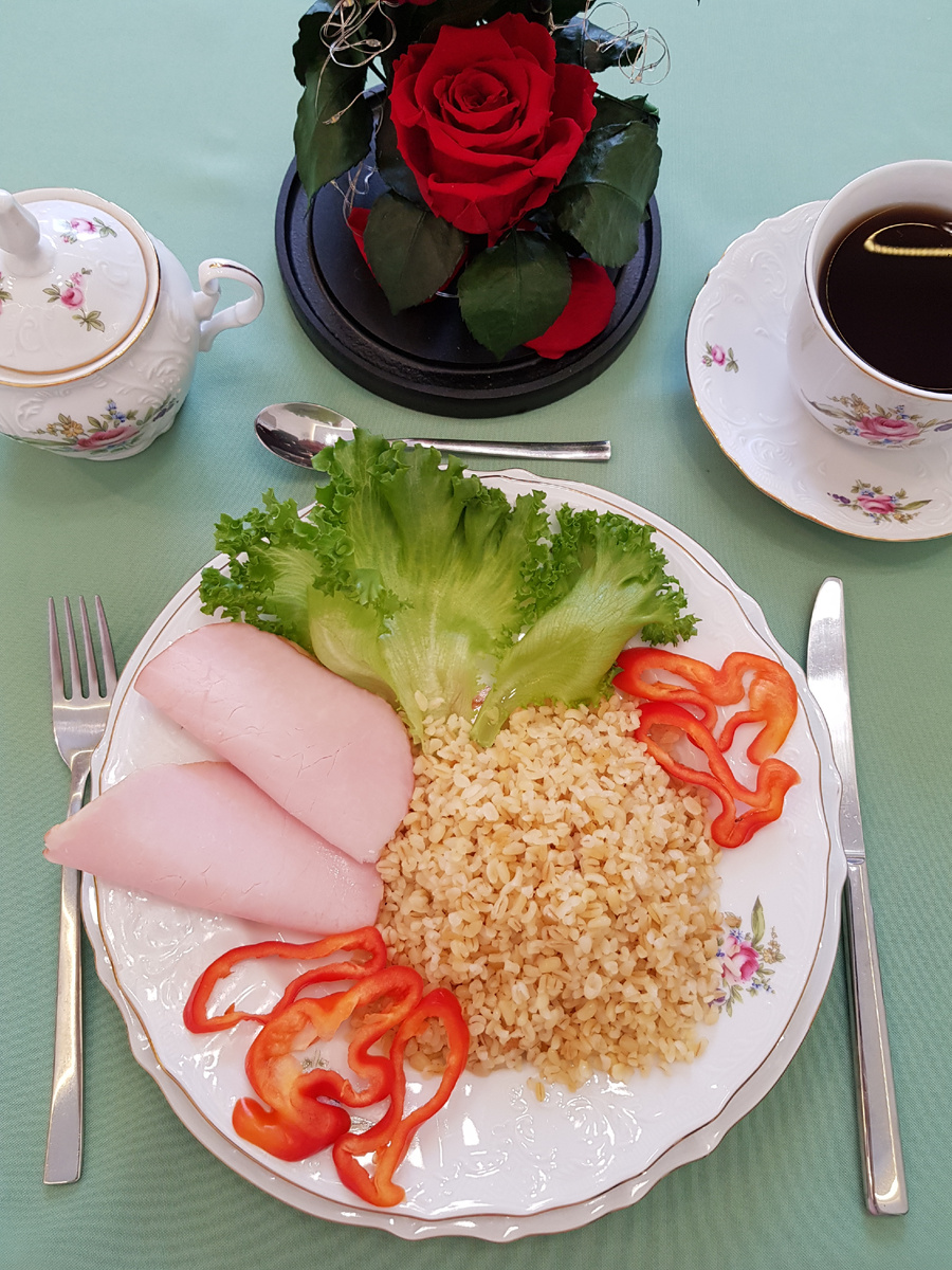 Добрый день, дорогие друзья! Сегодняшний я предлагаю начать с ароматной, рассыпчатой каши из булгура. Для приготовления 3 порций нам понадобятся: булгур 200 грамм, вода 400 грамм, масло растительное 15 грамм, соль 3 грамма. Для оформления 3 порций нам понадобятся: 300 грамм карбонада, 50 грамм листьев салата, 50 грамм сладкого перца. Приготовление: булгур промыть в холодной воде и откинуть на мелкое сито. Высушить промытый булгур заранее. В кастрюлю с толстым дном налить растительное масло и высыпать булгур, обжарить на среднем огне в течение 2 минут. Посолить, перемешать. Налить воду, довести, помешивая, до кипения, уменьшить огонь до минимального уровня, накрыть крышкой. Варить в течение 30 минут, не перемешивая. Булгур, приготовленный с маслом, остается рассыпчатым. Разложить булгур по тарелкам, дополнить ломтиками ветчины, свежим сладким перцем и листьями салата. Приятного аппетита!
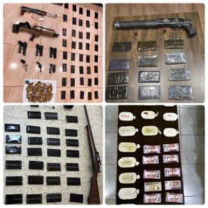 وفي إحدى مناطق البادية الوسطى داهمت كوادر الإدارة تاجراً للمخدرات والأسلحة وأُلقي القبض عليه وضبط داخل منزله 44 كف حشيش و 9 أسلحة نارية، وتم أيضاً في البادية الجنوبية إلقاء القبض على تاجرَين للمخدرات وضبط بحوزتهما 22 كف حشيش وسلاح ناري .
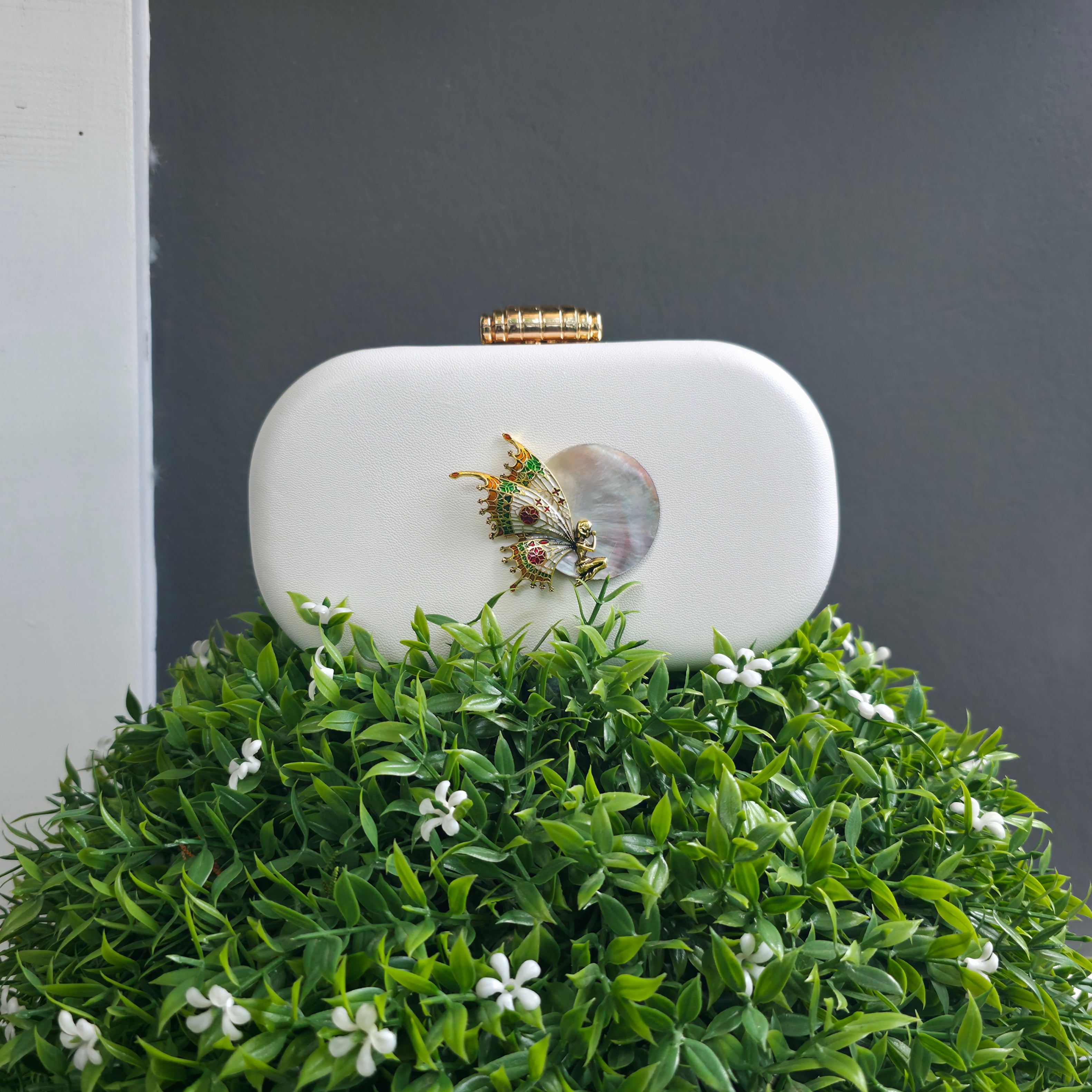 Sleek capsule style frame clutch bag with leatherite, mother of pearl shell and a fairy lady broach.

────────────────────

- [Task requirements]: Starting with the line that holds "وفي إحدى مناطق", repeat exactly every line through the end of the material above, both ends included, without the pictures.

- [Answer for this exercise]:
 وفي إحدى مناطق البادية الوسطى داهمت كوادر الإدارة تاجراً للمخدرات والأسلحة وأُلقي القبض عليه وضبط داخل منزله 44 كف حشيش و 9 أسلحة نارية، وتم أيضاً في البادية الجنوبية إلقاء القبض على تاجرَين للمخدرات وضبط بحوزتهما 22 كف حشيش وسلاح ناري .
 Sleek capsule style frame clutch bag with leatherite, mother of pearl shell and a fairy lady broach.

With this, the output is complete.